Monitoring care and treatment

The practice had a comprehensive programme of quality improvement activity and routinely reviewed the effectiveness and appropriateness of the care provided. Where appropriate, clinicians took part in local and national improvement initiatives.

  • Overall exception reporting was in line with local and national averages. However, the practice’s exception reporting results for some indicators relating to long-term conditions were higher than local and national averages. Senior managers were aware of this and had recruited a performance lead in March 2018 and a performance administrator in May 2018 to oversee the system of recalling patients who had long term conditions for relevant health checks. The practice had undertaken an audit of exception reporting results in August 2018 and found an improvement in exception reporting in nine clinical areas that had been higher than local and national averages.
  • Exception reporting figures for mental health were in line with national and local averages.
  • The practice used information about care and treatment to make improvements.
  • The practice was actively involved in quality improvement activity. Where appropriate, clinicians took part in local and national improvement initiatives.

Effective staffing

Staff had the skills, knowledge and experience to carry out their roles, however, not all staff had received appraisals within the last 12 months.

  • Staff had appropriate knowledge for their role, for example, to carry out reviews for people with long term conditions, older people and people requiring contraceptive reviews.
  • Staff whose role included immunisation and taking samples for the cervical screening programme had received specific training and could demonstrate how they stayed up to date. However, the practice did not have a system to monitor this.
  • The practice understood the learning needs of staff and provided protected time and training to meet them. Up to date records of skills, qualifications and training were maintained. Staff were encouraged and given opportunities to develop.
  • The practice provided staff with ongoing support. There was an induction programme for new staff. This included one to one meetings, coaching and mentoring, clinical supervision and revalidation. Two out of nine clinicians had received an appraisal within the last 12 months. None of the administration staff had received an appraisal within the last 12 months. The practice had not scheduled dates to complete staff appraisals. Since our last inspection the practice had reviewed the appraisal form and line managers had undertaken appraisal training. The practice told us they planned to complete appraisals for all staff by November 2018.
  • There was a clear approach for supporting and managing staff when their performance was poor or variable.
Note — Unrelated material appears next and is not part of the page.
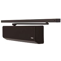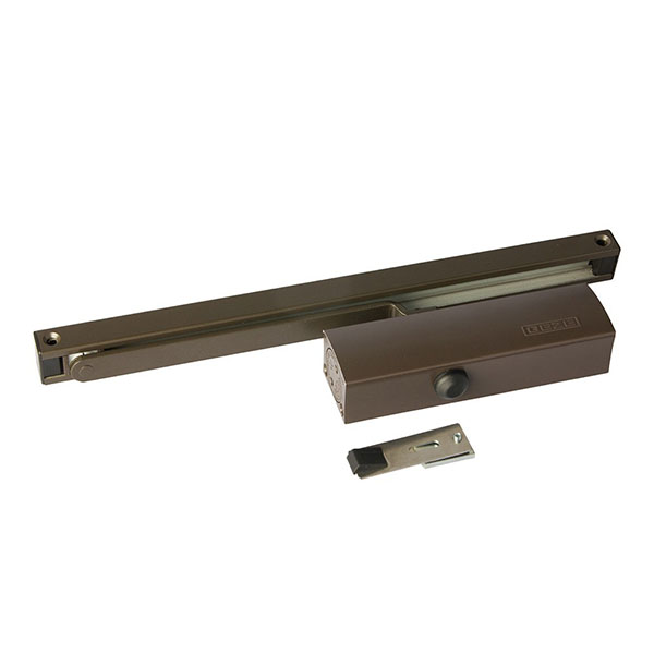 Серед продукції німецького виробника GEZE особливо виділяється дверна фурнітура для автоматичного закривання дверей, а саме - дотягувачі. Дана модель GEZE TS 3000 VBC SLD HO встановлюється накладним монтажем на внутрішні та зовнішні дверні полотна з максимальною вагою до 80 кг та шириною до 1100 мм. Безпосередньо на корпусі є можливість регулювати основну швидкість, швидкість захлопування та гальмо відчинення. Дана функція захищає дверне полотно від удару об стіну та виривання тяги дотягувача. Загалом завдяки таким можливостям регулювання можна добитись максимально індивідуального налаштування зачинення дверей. Гідравлічне масло в даній моделі високої якості. Завдяки цьому проблем при роботі дотягувача при перепаді температур не буде. Взагалі його робоча температура варіюється в діапазоні від -15°С до +40°С. В даній комплектації присутня ковзна тяга з фіксацією дверного полотна у відкритому положенні. Це додає додаткової зручності в тих місцях, де не потрібно відчиняти їх повністю. В коричневому кольорі найкраще буде доповнювати двері аналогічних темних відтінків для того, щоб максимально уникнути контрастів та не привертати зайвої уваги.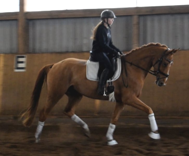 Eine athletisch aufgemachte Stute, die auf den ersten Blick zu überzeugen weiß . Sie verfügt über eine sehr gute Galoppade , raumgreifenden Schritt und eine sehr elastische Trabphase. Top rittig, immer an der Seite seines Reiters. Sie ist sehr nervenstark und sehr einfach zu reiten, deshalb auch für Kinder und Wiedereinsteiger bestens geeignet. Mehr Infos finden Sie auf unserer Homepage. Probereiten jederzeit nach Absprache möglich.

Coordinating care and treatment

Staff worked together and with other health and social care professionals to deliver effective care and treatment.

  • We saw records that showed that all appropriate staff, including those in different teams and organisations, were involved in assessing, planning and delivering care and treatment.
  • The practice shared clear and accurate information with relevant professionals when discussing care delivery for people with long term conditions and when coordinating healthcare for care home residents. They shared information with, and liaised, with community services, social services and carers for housebound patients and with health visitors and community services for children who have relocated into the local area.
  • Patients received coordinated and person-centred care. This included when they moved between services, when they were referred, or after they were discharged from hospital. The practice worked with patients to develop personal care plans that were shared with relevant agencies.
  • The practice ensured that end of life care was delivered in a coordinated way which took into account the needs of different patients, including those who may be vulnerable because of their circumstances.

Helping patients to live healthier lives

Staff were consistent and proactive in helping patients to live healthier lives.

  • The practice identified patients who may be in need of extra support and directed them to relevant services. This included patients in the last 12 months of their lives, patients at risk of developing a long-term condition and carers.
  • Staff encouraged and supported patients to be involved in monitoring and managing their own health, for example through social prescribing schemes.
  • Staff discussed changes to care or treatment with patients and their carers as necessary.
  • The practice supported national priorities and initiatives to improve the population’s health, for example, stop smoking campaigns, tackling obesity.

Consent to care and treatment

The practice obtained consent to care and treatment in line with legislation and guidance.

  • Clinicians understood the requirements of legislation and guidance when considering consent and decision making.
  • Clinicians supported patients to make decisions. Where appropriate, they assessed and recorded a patient’s mental capacity to make a decision.
  • The practice monitored the process for seeking consent appropriately.

Please refer to the evidence tables for further information.

Caring

Good

Updated 19 October 2018

At our last inspection we rated the practice as good for caring. The practice remains rated the practice as good for caring.

Kindness, respect and compassion

Staff treated patients with kindness, respect and compassion.

  • Staff understood patients’ personal, cultural, social and religious needs.
  • The practice gave patients timely support and information.
  • We observed that patients were treated with kindness and respect.

Involvement in decisions about care and treatment

Staff helped patients to be involved in decisions about care and treatment. They were aware of the Accessible Information Standard (a requirement to make sure that patients and their carers can access and understand the information that they are given).

  • Staff communicated with people in a way that they could understand, for example, communication aids and easy read materials were available.
  • Staff helped patients and their carers find further information and access community and advocacy services. They helped them ask questions about their care and treatment.
  • The practice proactively identified carers and supported them.
  • Data captured from the GP patient survey was comparable to local and national averages.

Privacy and dignity

The practice respected patients’ privacy and dignity.

  • When patients wanted to discuss sensitive issues or appeared distressed reception staff offered them a private room to discuss their needs.
  • Staff recognised the importance of people’s dignity and respect. They challenged behaviour that fell short of this.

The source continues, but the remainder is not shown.